If you have been using computers for some time, you have probably come across files with the .zip extension. They are special files that can hold the compressed content of many other files, folders, and subfolders. This makes them pretty useful for transferring files over the internet. Did you know that you can use Python to compress or extract files?

This tutorial will teach you how to use the zipfile module in Python to extract or compress individual or multiple files at once.

Compressing Individual Files

This one is easy and requires very little code. We begin by importing the zipfile module and then open the ZipFile object in write mode by specifying the second parameter as 'w'. The first parameter is the path to the file itself. Here is the code that you need:

1	import zipfile
2
3	with zipfile.ZipFile('C:\\Stories\\Fantasy\\jungle.zip', 'w') as jungle_zip:
4	jungle_zip.write('C:\\Stories\\Fantasy\\jungle.pdf', compress_type=zipfile.ZIP_DEFLATED)

Please note that I will specify the path in all the code snippets in a Windows style format; you will need to make appropriate changes if you are on Linux or Mac.

You can specify different compression methods to compress files. The newer methods BZIP2 and LZMA were added in Python version 3.3, and there are some other tools as well which don't support these two compression methods. For this reason, it is safe to just use the DEFLATED method. You should still try out these methods to see the difference in the size of the compressed file.
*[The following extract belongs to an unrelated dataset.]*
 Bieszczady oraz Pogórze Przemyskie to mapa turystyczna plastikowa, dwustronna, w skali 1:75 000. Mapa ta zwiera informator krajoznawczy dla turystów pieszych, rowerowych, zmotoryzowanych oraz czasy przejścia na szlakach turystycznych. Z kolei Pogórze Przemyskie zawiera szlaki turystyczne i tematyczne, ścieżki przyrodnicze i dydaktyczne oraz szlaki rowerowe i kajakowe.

Compressing Multiple Files

This is slightly complex as you need to iterate over all files. The code below should compress all files with the extension pdf in a given folder:

import os
import zipfile

fantasy_zip = zipfile.ZipFile('C:\\Stories\\Fantasy\\archive.zip', 'w')

for folder, subfolders, files in os.walk('C:\\Stories\\Fantasy'):

    for file in files:
        if file.endswith('.pdf'):
            fantasy_zip.write(os.path.join(folder, file), os.path.relpath(os.path.join(folder,file), 'C:\\Stories\\Fantasy'), compress_type = zipfile.ZIP_DEFLATED)

fantasy_zip.close()

This time, we have imported the os module and used its walk() method to go over all files and subfolders inside our original folder. I am only compressing the pdf files in the directory. You can also create different archived files for each format using if statements.
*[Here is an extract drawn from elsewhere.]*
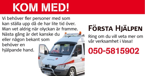 I Vasas första hjälpen-gruppen finns gruppmedlemmar från flera närliggande avdelningar, alla är välkomna! Vårt mål är att trivas tillsammans, ha roligt och träffas för att upprätthålla våra kunskaper och utvecklas.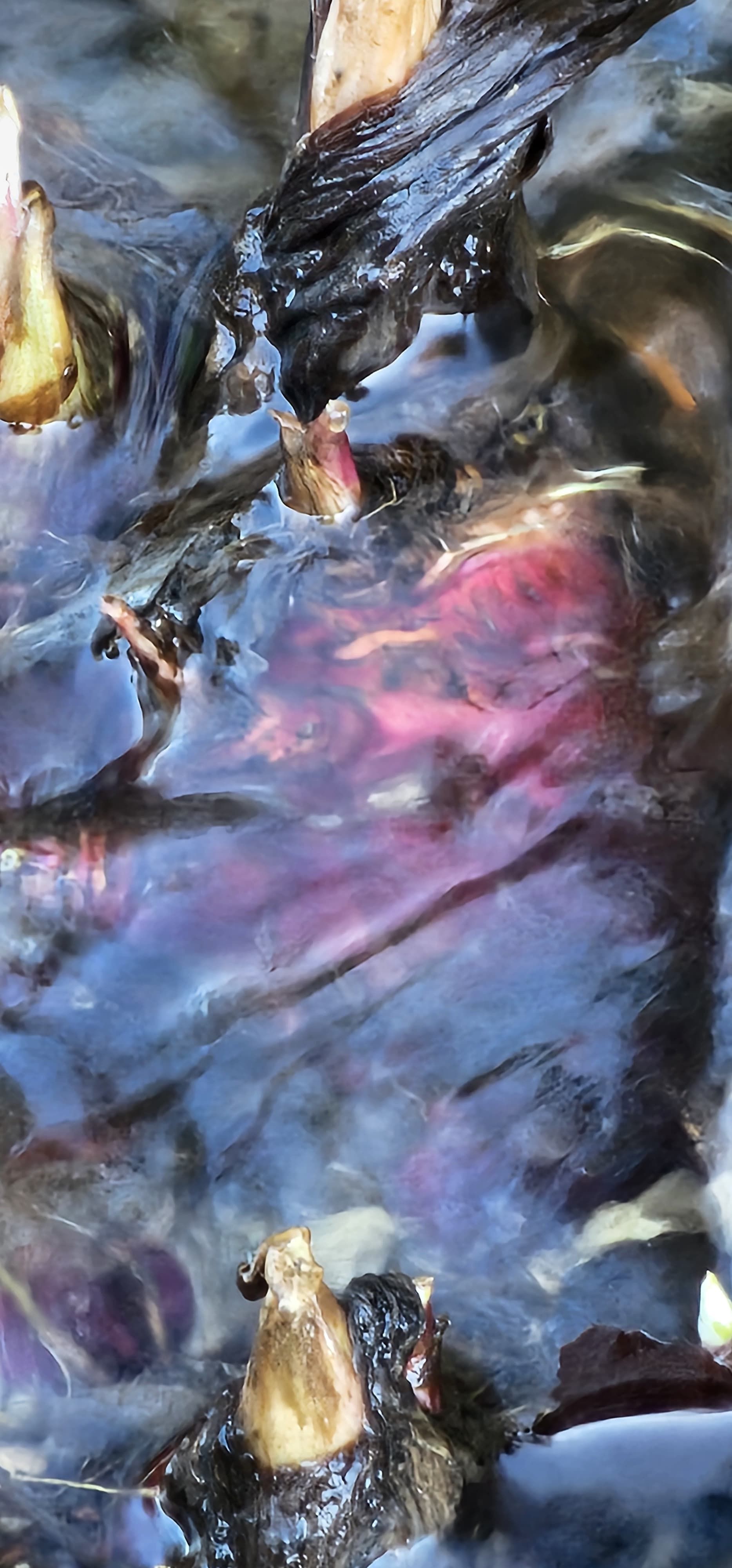 Zeit als man die Blätter auf die Pestbeulen zur Schmerzlinderung gelegt hat). Früher hat man die großen Blätter tatsächlich genutzt, um sich vor der Sonne zu schützen. In der Kindheit ist man da wohl noch intuitiv näher an der Natur und den Dingen …. Als Kind habe ich mich aber immer nur an den Rand der von der Pestwurz meist großen bewachsenen Fläche getraut, weil es mir immer ein bisschen unheimlich war, dort rein zu gehen. Die Pflanzen werden bis sechzig Zentimeter groß, wachsen dicht an dicht und irgendwie war ein Vibrieren in den Pflanzen, das mich immer an Schlangen hat denken lassen. Und wie ich dieses Jahr im frühen Januar an einem kleinen Bach in der Fränkischen vorbeispaziert bin, ist es mir plötzlich klar geworden, was da unter den großen Blättern so unheimlich war. Im fließenden eiskalten Wasser des Baches war der fleischig-rote Wurzelstock der Pestwurz zu sehen (Abb 1).

If you don't want to preserve the directory structure, you can put all the files together by using the following line:

1	fantasy_zip.write(os.path.join(folder, file), file, compress_type = zipfile.ZIP_DEFLATED)

The write() method accepts three parameters. The first parameter is the name of the file that we want to compress. The second parameter is optional and allows you to specify a different file name for the compressed file. If nothing is specified, the original name is used.

Extracting All Files

You can use the extractall() method to extract all the files and folders from a zip file into the current working directory. You can also pass a folder name to extractall() to extract all files and folders in a specific directory. If the folder that you passed does not exist, this method will create one for you. Here is the code that you can use to extract files:

1	import zipfile
2
3	with zipfile.ZipFile('C:\\Stories\\Fantasy\\archive.zip') as fantasy_zip:
4	fantasy_zip.extractall('C:\\Library\\Stories\\Fantasy')

If you want to extract multiple files, you will have to supply the name of files that you want to extract as a list.

Extracting Individual Files

This is similar to extracting multiple files. One difference is that this time you need to supply the filename first and the path to extract them to later. Also, you need to use the extract() method instead of extractall(). Here is a basic code snippet to extract individual files.

1	import zipfile
2
3	with zipfile.ZipFile('C:\\Stories\\Fantasy\\archive.zip') as fantasy_zip:
4	fantasy_zip.extract('Fantasy Jungle.pdf', 'C:\\Stories\\Fantasy')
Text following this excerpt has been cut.